NOAA-EMC / GDASApp

Global Data Assimilation System Application
GNU Lesser General Public License v2.1
15 stars 31 forks source link

bufr2ioda_tesac_mammals_profiles.py aborts with zero-size array #944

Closed RussTreadon-NOAA closed 8 months ago

RussTreadon-NOAA commented 9 months ago

g-w CI testing found that bufr2ioda_tesac_mammals_profiles.py aborts while processing /scratch1/NCEPDEV/global/glopara/dump/gdas.20210324/00/atmos/gdas.t00z.tesac.tm00.bufr_d.

Below is the traceback message:

  File "/scratch1/NCEPDEV/da/Russ.Treadon/git/global-workflow/work/sorc/gdas.cd/ush/ioda/bufr2ioda/bufr2ioda_tesac_mammals_profiles.py", line 179, in bufr_to_ioda
    logger.debug(f" temp          min, max, length, dtype = {temp.min()}, {temp.max()}, {len(temp)}, {temp.dtype}")
  File "/scratch1/NCEPDEV/da/python/opt/core/miniconda3/4.6.14/envs/gdasapp/lib/python3.7/site-packages/numpy/ma/core.py", line 5701, in min
    axis=axis, out=out, **kwargs).view(type(self))
  File "/scratch1/NCEPDEV/da/python/opt/core/miniconda3/4.6.14/envs/gdasapp/lib/python3.7/site-packages/numpy/core/_methods.py", line 44, in _amin
    return umr_minimum(a, axis, None, out, keepdims, initial, where)
ValueError: zero-size array to reduction operation minimum which has no identity

Line 179 is the temp line below

    logger.debug(f" ... Executing QuerySet: Check BUFR variable generic \
                dimension and type ...")

    # ==================================================
    # Check values of BUFR variables, dimension and type
    # ==================================================
    logger.debug(f" temp          min, max, length, dtype = {temp.min()}, {temp.max()}, {len(temp)}, {temp.dtype}")

print statements were added and confirm that temp is length 0. Initially temp is size 1433. This changes after applying indices_true

    # =======================================
    # Separate marine mammals from TESAC tank
    # =======================================
    logger.debug(f"Creating the mask for marine mammals from TESAC floats based on station ID ...")

    alpha_mask = [item.isalpha() for item in stationID]
    indices_true = [index for index, value in enumerate(alpha_mask) if value]

    # Apply index
    stationID = stationID[indices_true]
    lat = lat[indices_true]
    lon = lon[indices_true]
    depth = depth[indices_true]
    temp = temp[indices_true]

Prints show that alpha_mask contains False for all elements.
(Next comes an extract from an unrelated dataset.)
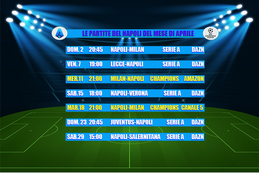 Mese di Aprile che vedrà il Napoli in campo in 5 partite di campionato (3 in casa e 2 in trasferta) e nelle due gare di andata (a Milano) e ritorno (al Maradona) contro il Milan nei quarti di finale di Champions.
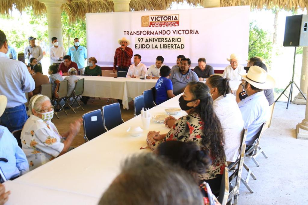 Cd. Victoria.- En su primer vista al sector rural y en el marco del 97 Aniversario del Ejido La Libertad, el alcalde de Victoria, Eduardo Gattás Báez recibió el respaldo incondicional de hombres, mujeres y jóvenes del campo para hacer equipo con su Gobierno.

As a result, indices_true is [] and temp winds up being [].

I interpret the above as a case in which there are no marine mammal observations in the given dump file. Is this true? What is the proper way to handle this situation in bufr2ioda_tesac_mammals_profiles.py

RussTreadon-NOAA commented 9 months ago

Tagging @ShastriPaturi for awareness. What do you recommend?
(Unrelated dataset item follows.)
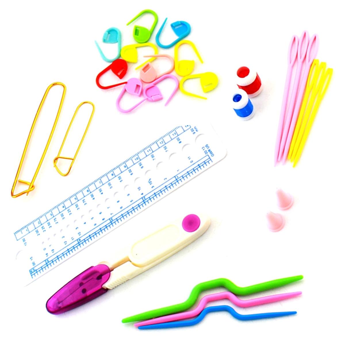 - O mulțime de accesorii suplimentare (ace de siguranță, ace, foarfece, riglă).

RussTreadon-NOAA commented 9 months ago

As a test the following check was added to bufr2ioda_tesac_mammals_profiles.py

    # =======================================
    # Separate marine mammals from TESAC tank
    # =======================================
    logger.debug(f"Creating the mask for marine mammals from TESAC floats based on station ID ...")
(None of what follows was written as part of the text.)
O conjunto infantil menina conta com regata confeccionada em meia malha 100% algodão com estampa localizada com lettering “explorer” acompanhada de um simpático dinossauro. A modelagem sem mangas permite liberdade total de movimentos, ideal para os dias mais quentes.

    alpha_mask = [item.isalpha() for item in stationID]
    indices_true = [index for index, value in enumerate(alpha_mask) if value]
    if len(indices_true) is 0:
        logger.info(f"No marine mammals in {DATA_PATH}")
        return

    # Apply index

With this check present bufr2ioda_tesac_mammals_profiles.py prints the above info message and exits.

(gdasapp) Hera(hfe07):/scratch1/NCEPDEV/stmp2/Russ.Treadon/RUNDIRS/prci/prepatmobs.165454$ /scratch1/NCEPDEV/da/Russ.Treadon/git/global-workflow/work/sorc/gdas.cd/ush/ioda/bufr2ioda/bufr2ioda_tesac_mammals_profiles.py -c tesac_mammals_profiles_2021032400.json
2024-02-29 14:01:48,015 - INFO     - bufr2ioda_tesac_mammals_profiles.py: No marine mammals in /scratch1/NCEPDEV/global/glopara/dump/gdas.20210324/00/atmos/gdas.t00z.tesac.tm00.bufr_d

Not sure if this is an acceptable solution. What do you think @ShastriPaturi ?

RussTreadon-NOAA commented 8 months ago

Partially addressed by PR #937